The fireman lifted his shovel and Dillen struck him on the head with the butt end of his pistol, hard enough to send him staggering back as he dropped the coal shovel in favor of clutching his head.
“Stop!” shouted Alice.
All three men and one weary horse turned their attention to her.
“I would like to speak to Mr. Roach in private, please. I’m sure my grandfather will be very grateful for your consideration.”
“But he’s armed,” said the conductor.
She turned to Dillen. “Put it away.”
He did.
“Now follow me.” Alice made her way along the track, stopping before the cowcatcher of the enormous snorting iron horse. Both Dillen and Dasher trailed her.
“I’m sorry about last night,” he said.
Not half as sorry as she was. “You made your regret fairly obvious, Mr. Roach.” Alice lifted her stubborn chin and stared past him to the rivets securing the front panel of the engine.
“And I’m sorry I left you last night and that I left you in Omaha.”
Alice met his gaze, seeing her own grief reflected back at her. Snow accumulated on the wide brim of his worn, stained hat and filled the notch in the crown. She wanted to tell him that he did not need to stop a train to tell her he found her lacking and unsuitable as both wife and mother. Instead she said nothing, using all her energy not to weep in front of him.
Dillen rubbed his neck. “I always figured you’d be better off without hitching yourself to my sorry carcass. I’ve accepted that I’m not ever going to be able to make the kind of money your granddad has.”
“I never expected you to.”
“You still don’t understand.”
Alice brushed the snow that clung, sticky and wet, to the lace veil of her wool hat. “I’m trying, but, Dillen, if you love me, why let me go again?”
“Alice, why can’t you see?
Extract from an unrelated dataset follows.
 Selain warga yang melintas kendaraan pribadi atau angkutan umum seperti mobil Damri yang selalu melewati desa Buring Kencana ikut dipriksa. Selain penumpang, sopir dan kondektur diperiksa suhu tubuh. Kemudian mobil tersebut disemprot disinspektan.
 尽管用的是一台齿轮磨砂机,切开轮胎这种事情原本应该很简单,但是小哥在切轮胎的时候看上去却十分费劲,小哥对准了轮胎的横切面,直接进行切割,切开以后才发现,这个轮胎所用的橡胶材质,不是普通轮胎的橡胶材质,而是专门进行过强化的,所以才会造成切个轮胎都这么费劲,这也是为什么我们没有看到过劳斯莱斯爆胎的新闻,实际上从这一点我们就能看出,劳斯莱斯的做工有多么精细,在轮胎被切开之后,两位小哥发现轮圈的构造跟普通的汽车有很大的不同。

You want me to accept your help.”
“Yes!”
“But you never needed mine.”
“What?”
 
; “I didn’t just leave because of the money.”
Why, then? Her stomach heaved at the possibilities, and she clasped both hands across her middle, forbidding herself the humiliation of being unwell before him.
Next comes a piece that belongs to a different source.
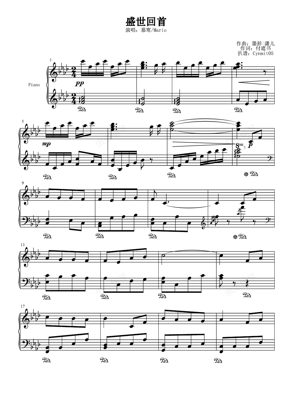 钢琴谱:盛世回首(《盛世鬼》慕寒|Mario演唱)
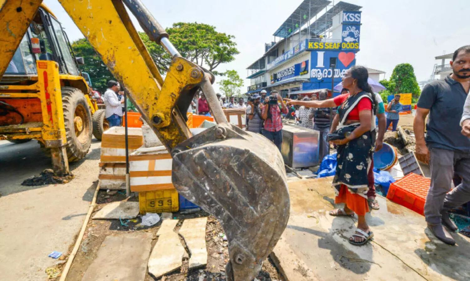 വൈപ്പിൻ കാളമുക്ക് ഹാർബറിൽ ജിഡയുടെ സ്ഥലത്ത് അനധികൃത മീൻ കച്ചവടം നടത്തിയവരെ ഒഴിപ്പിക്കാൻ അധികൃതർ എത്തിയപ്പോൾ മണ്ണുമാന്തി യന്ത്രത്തിന്റെ മുന്നിൽനിന്ന് പ്രതിഷേധിക്കുന്ന കച്ചവടക്കാരി

“Oh, Alice, how do I make you understand? If you’d ever come to me ragged or needy, just once… If there was one single thing I could give you that you didn’t already have… But there’s nothing I’ve got that you need.”
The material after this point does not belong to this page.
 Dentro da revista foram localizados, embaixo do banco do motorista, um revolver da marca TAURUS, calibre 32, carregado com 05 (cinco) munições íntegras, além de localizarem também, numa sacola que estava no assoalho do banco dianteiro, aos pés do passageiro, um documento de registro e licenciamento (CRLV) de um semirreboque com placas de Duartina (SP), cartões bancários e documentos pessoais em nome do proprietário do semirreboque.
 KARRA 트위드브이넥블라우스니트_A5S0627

She stared in horror for a moment.
“I want you. But I need a woman who needs me, too.”
Alice realized that this entire time all he wanted, all he needed, was the same thing that she did—to be essential to him.
“But you have everything I need in this world.”
His face showed disbelief, for what could he have that she could not buy?
“I need you to give me a home to call our own. I need you to give me love in the long cold nights. And I need you to give me children to adore. I don’t want an empty palace. I don’t want things. I’m sick to death of things. All I need in this world, Dillen Roach, is your arms around me and the love in your heart.”
Dillen stared at her in wonder. Her heart hammered as she waited for him to speak or to act. Was it enough? But for a long moment he just stood as the snow drifted silently down upon them from above. Then he opened his arms to her. Alice stepped forward happily.
“I can give you those things.”
She nodded, her tears wetting his sheepskin jacket. “And I’ll take them all, gladly.”
“I love you, Alice. Please don’t go.”
“Never,” she whispered.
Alice closed her eyes as the sorrow melted from her heart with the snow on her cheeks until she felt only the warmth of his embrace and the joy welling inside her like a hot spring.
Chapter Fourteen
Alice had taken note of the names of the engineer and his fellows before she departed with Dillen, riding double on Dasher. Had she really tried to throw away her grandmother’s cameo brooch in Mrs. Pellet’s home? Yes, she had, because all this time she thought it was those things, those wretched, glittering alluring things that had kept Dillen from her these two long years, when all the time it had been her inability to let Dillen help her. The need to be needed. We all have it. Why hadn’t she seen that her armor of wealth had made him think he wasn’t fundamental to her happiness?